# Window Deflectors



## spacedout (Dec 7, 2010)

I researched all that was available, and preferred the style of the Weathertech brand ones. They are in channel but sit much tighter to the car(don't really stick out). 

I only bought the front set(another advantage, you don't need to buy all 4), because I never have rear seat passengers and with the angle of back window it apeared the rear window one acts like a scoop and arn't very aerodynamic.


----------



## McNeo (Dec 17, 2013)

The in-channel ones definitely look a lot cleaner. Any issues with then falling out? How do they stay?

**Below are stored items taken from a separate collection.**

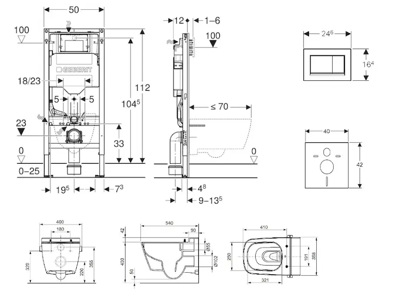 - vybaven trubkovou chráničkou pro přívodní potrubí k připojení sprchovacích WC Geberit AquaClean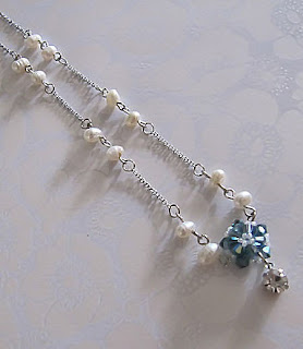 Pailey, another delicate piece, simple yet elegant. The pendant is woven with gorgeous Swarovski crystals, along side are freshwater pearls.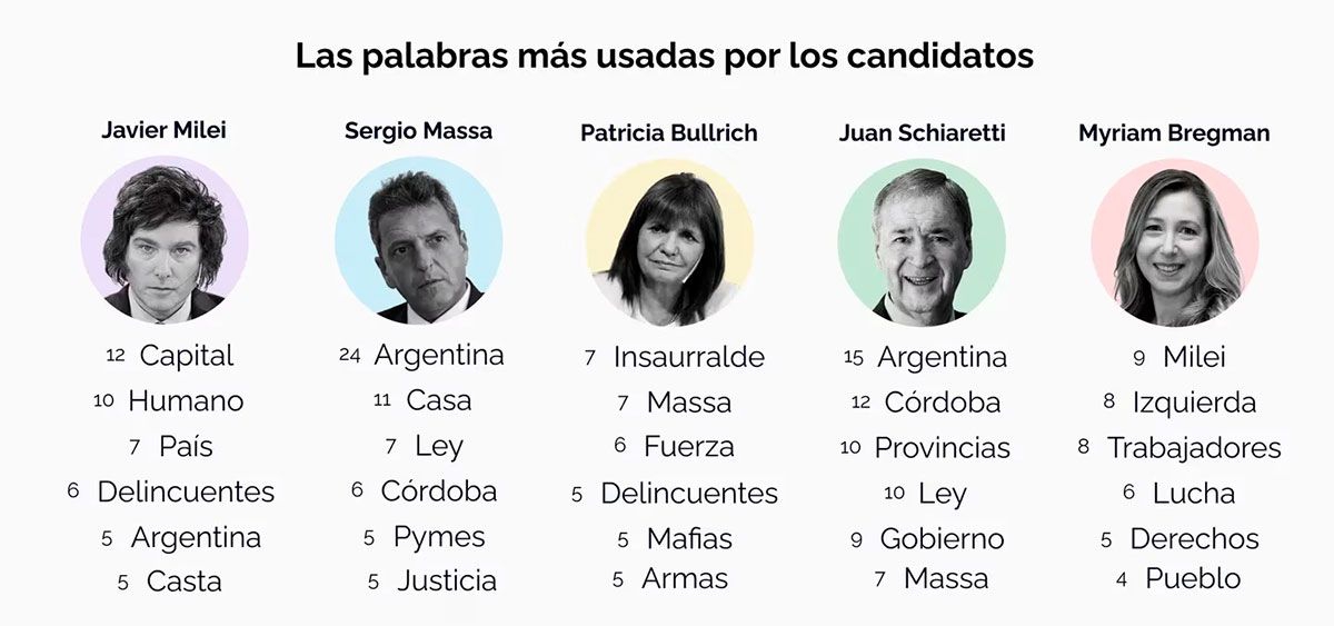 En una retórica moderada, más irónica que de volumen alto, el candidato de La Libertad Avanza, Javier Milei, también hizo especial hincapié en determinados términos como “Capital”, “Humano”, “Casta”, “País”, “Delincuentes” y “Argentina”.
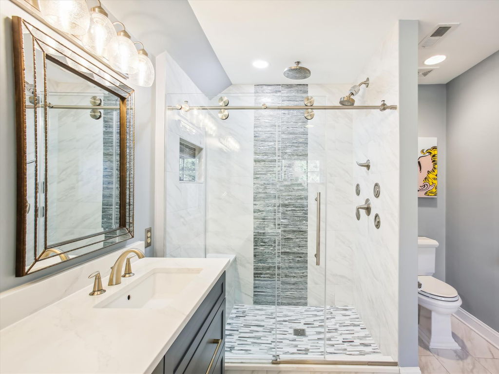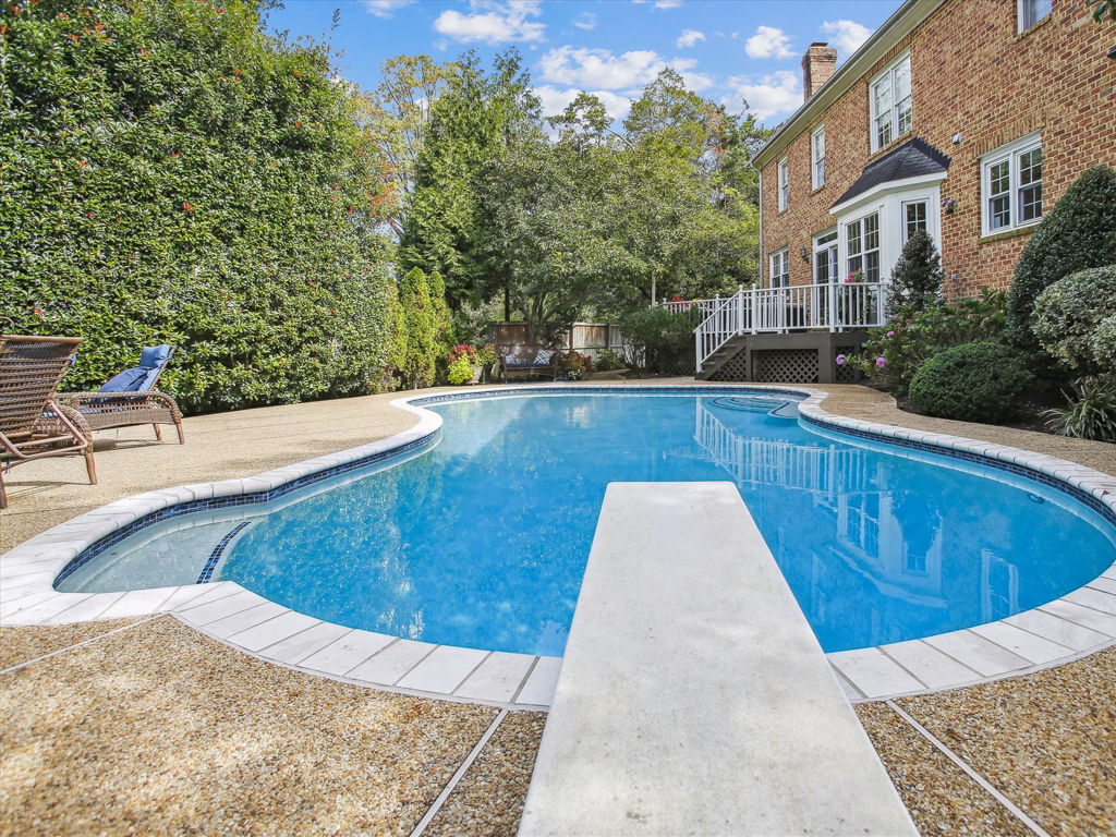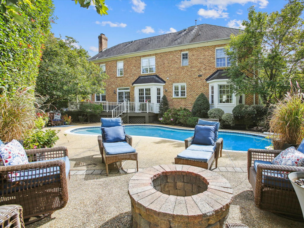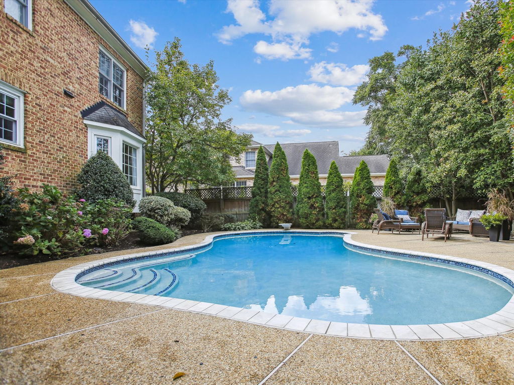 Welcome to 9056 Tower House Place, a delightful custom home nestled in a fantastic location just off the GW Parkway, south of Old Town Alexandria. This Bart Boucher masterpiece boasts five bedrooms, four and one-half baths, and spans three spacious levels adorned with gorgeous hardwood floors. The heart of the home is an inviting kitchen with top-notch Thermador appliances, quartz countertops and an island with a marble top, opening up to a family room with a cozy wood-burning fireplace. Venture outside to your own private oasis—a backyard retreat featuring a pool, expansive deck, diving board and a charming firepit. The lush landscaping completes the picture of this perfect home built in 1998, offering over 4,900 square feet of comfort and style. Come experience the warmth and charm of 9056 Tower House Place—your dream home awaits!

I wouldn't really need back ones wither but I'd get all four just to make it look uniform.


----------



## spacedout (Dec 7, 2010)

McNeo said:


> The in-channel ones definitely look a lot cleaner. Any issues with then falling out? How do they stay?
> 
> I wouldn't really need back ones wither but I'd get all four just to make it look uniform.


The way the front ones go in, there is no way they can fall out. The back ones require some tape if I remember correctly from the instructions. Here is a post on the forum with some photos of the Weathertech deflectors. http://www.cruzetalk.com/forum/53-cruze-parts/10196-weathertech-vent-visors-oem-floor-mats.html


----------



## McNeo (Dec 17, 2013)

Reading that post I remember some other reports of weird issues with the auto-up on the driver window (not due to deflectors).

Hmmm...

I do like these ones because they're so low profile, I just don't want any weird issues.


----------



## spacedout (Dec 7, 2010)

I should also add since these are in track, it took a bit of pulling and tweaking of the deflector to get the windows to go up and down nicely. At first both windows would not go up all the way without hitting the deflector. 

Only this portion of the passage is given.